Atom-smasher hit by electrical hitch

The worlds largest superconducting solenoid magnet part of the experiment in smashing atoms September 10. The worlds largest particle collider has been stopped a week after its startup as a result of an electrical fault the European Organisation for  ...
The world's largest superconducting solenoid magnet, part of the experiment in smashing atoms, September 10. The world's largest particle collider has been stopped, a week after its startup, as a result of an electrical fault, the European Organisation for Nuclear Research (CERN) said.

The world's largest particle collider was stopped on Wednesday, a week after its startup, as a result of an electrical fault, the European Organisation for Nuclear Research (CERN) said on Thursday.

The problem affected a cooling system for high-powered magnets designed to steer beams of particles around the Large Hadron Collider's 27-kilometre (16.9-mile) circular tunnel, CERN said.

The LHC "is still in commissioning phase, it's a very complex tool and it's normal for there to be stoppages," a CERN spokeswoman told AFP.
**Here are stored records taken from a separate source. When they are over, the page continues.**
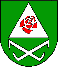 Shield Vert, an equilateral triangle Argent, charged with a rose Gules, in base two double hooks Argent in saltire.
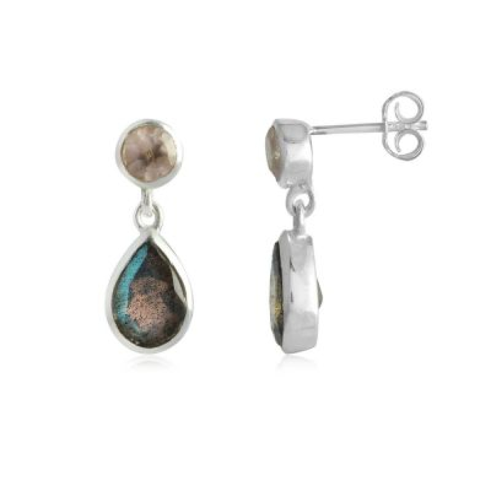 De zilveren oorsteker heeft facet geslepen edelstenen. De vorm van de edelstenen zijn rond en druppel vormig met een afmeting van 5 mm en 9 x 7 mm.
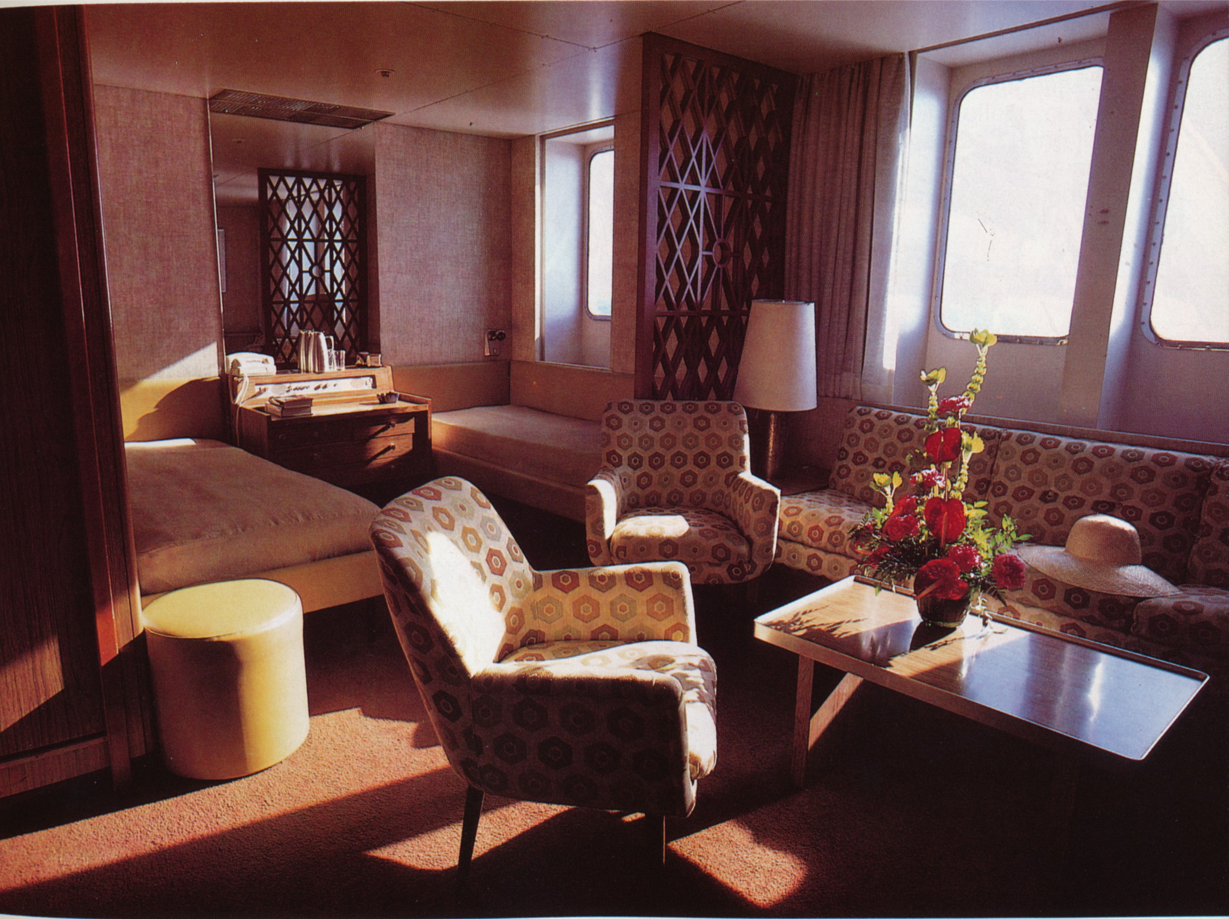 Within reach of her newly revised capacity of 765 one-class passengers lay artwork and décor of enormous quality and detail consisting of ancient Greek themes. This highly acclaimed décor with which she became known for included ceramic, metal and velor elements. Indeed the very same elements that were so unique to her own that nothing like it could be found in any other liner sailing at the time- nor has the world seen anything of the like since then(this feat been repeated since then.)

Commissioning work stopped on Wednesday, but was likely to resume later Thursday, she said.

The LHC took nearly 20 years to complete and at six billion Swiss francs (3.76 billion euros, 5.46 billion dollars) is one of the costliest and most complex scientific experiments ever attempted.

It aims to resolve some of the greatest questions surrounding fundamental matter, such as how particles acquire mass and how they were forged in the "Big Bang" that created the Universe some 13.7 billion years ago.

Counter-rotating beams, comprising strings of protons, are whizzed around the tunnel and then are smashed together in four huge laboratories.

Arrays of detectors swathing the walls of these chambers will trace the sub-atomic rubble spewed out from the collision, looking for signatures of novel particles.

The September 10 switch-on saw the testing of a clockwise beam, and then an anticlockwise beam. The first collisions are not expected for a number of weeks, given the long process of testing the LHC's equipment.

The steering magnets in the LHC tunnel are chilled to as low as -271 degrees Celsius (-456.25 degrees Fahrenheit), which is close to absolute zero and colder than deep outer space.

At this extreme temperature, electrical currents overcome resistance, thus making it easier and cheaper to power electro-magnets.